Do you think that Chief Executives/Director Generals/Secretaries don’t know?
Of course they know.
So it's worth considering.
Why don't they do something about it?
They're breaking the law (or they know the law is being broken) - right?
It's simple, they do the maths.
If it's going to cost $20M to MAKE everyone do it, they consider that against what they think that money can and will deliver.
That's basically their job.
How much of what we'd consider "work" do chief executives do?
It's not really their job.
Their job is mostly capital allocation and risk management.
They allocate capital against things that are going to further the goals of the agency, and manage the most significant risks to those goals.
When we pitch records as a compliance function to them, where does it fall against those two things?
The things that get the most funding, are the things that are going to further the primary goals of the agency.
What ability does records have to further the goals of the agency?
What difference does it make whether you position records as a value centre, or a compliance centre?
Then there's risk management.
Risk management is next in the funding queue.
What are the really big risks for an organisation?
Is it records compliance?
Is it that there's going to be a surprise visit from the records regulator that will then consume the CEO or minister's time - taking them away from the real strategic priorities?

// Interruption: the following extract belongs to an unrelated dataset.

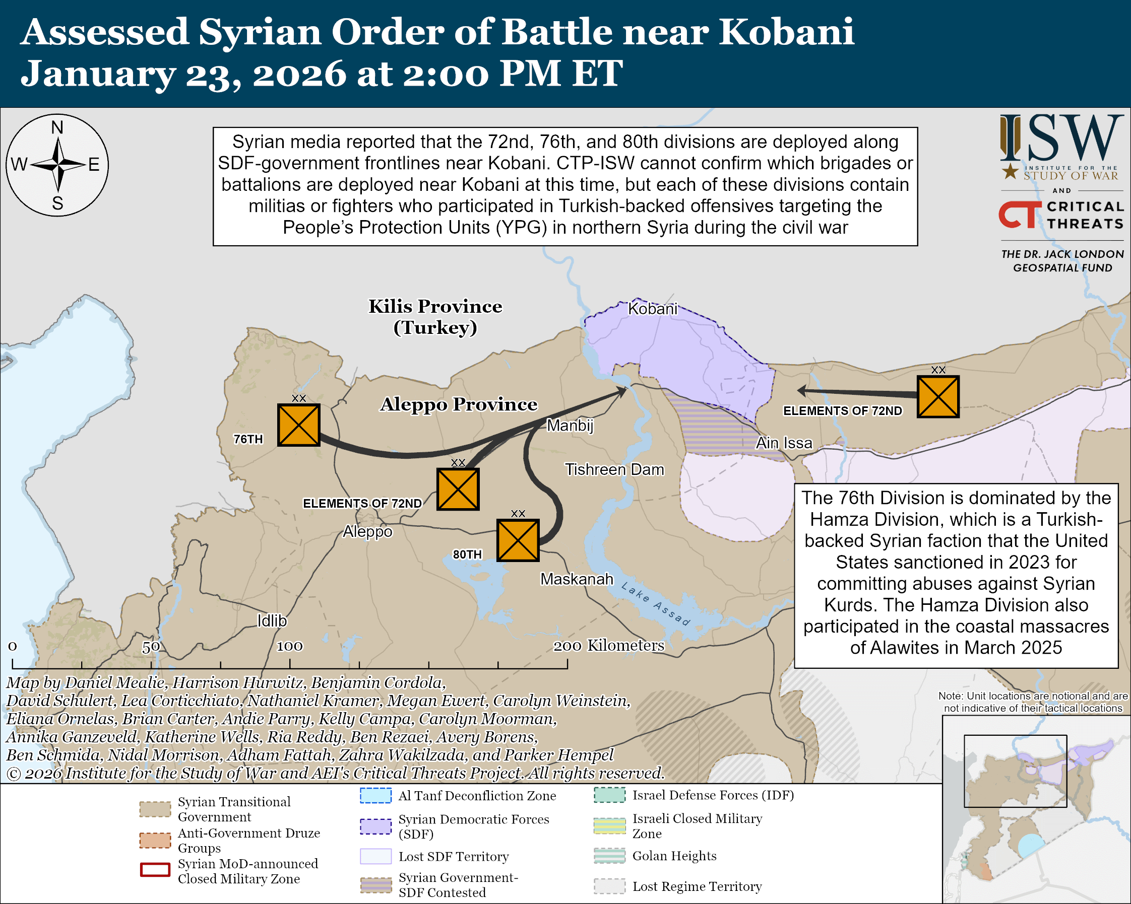 - The 72nd Division is reportedly operating near Sarrin, south of Kobani.[xxxv] Likely former Hayat Tahrir al Sham (HTS) commander Brigadier General Aqil Mohammad al Amer commands the division, but it is unclear which 72nd Division units are present near Kobani.[xxxvi] The 72nd Division contains elements from several SNA militias that participated in Turkish-backed offensives targeting Kurdish fighters in northern Syria, including the Sultan Murad Division and Sultan Mehmed Fatih Division.[xxxvii] The Sultan Murad Division committed human rights abuses against Kurdish civilians and detainees throughout the civil war, and the European Union recently sanctioned the Sultan Murad Division in May 2025 for its involvement in human rights abuses on the Syrian coast in March 2025.[xxxviii] The 72nd Division reportedly secured the Sarrin Airport, south of Kobani, on January 23, possibly after deploying to the area from its positions near Tal Abyad, which is in the former SNA-controlled Peace Spring region.[xxxix] Assistant Defense Minister Fahim Issa visited 72nd Division units in the Peace Spring region on December 23 to discuss ”military readiness” and may have discussed coordination for an army offensive against SDF-held territory.[xl]

Is it the new things an organisation is doing? That there won't be enough funding?
What do you think it is?
IF you had to spend more money on the things that were going to produce the biggest gains for an agency, or manage the biggest risks for the agency - would it be records?
This is the maths that chief executives are doing.
And records isn't in it.
It probably was for you.
What's the difference in the way you both think about records?
What I have never understood is why the agencies responsible for compliance *never* do show up. That's basically their job, one might say. If you are going to run with a compliance agenda, it is tough when there is no threat of action from the regulator. Ultimately, IRM needs to be value creating but the compliance piece is the starting point, the foundation.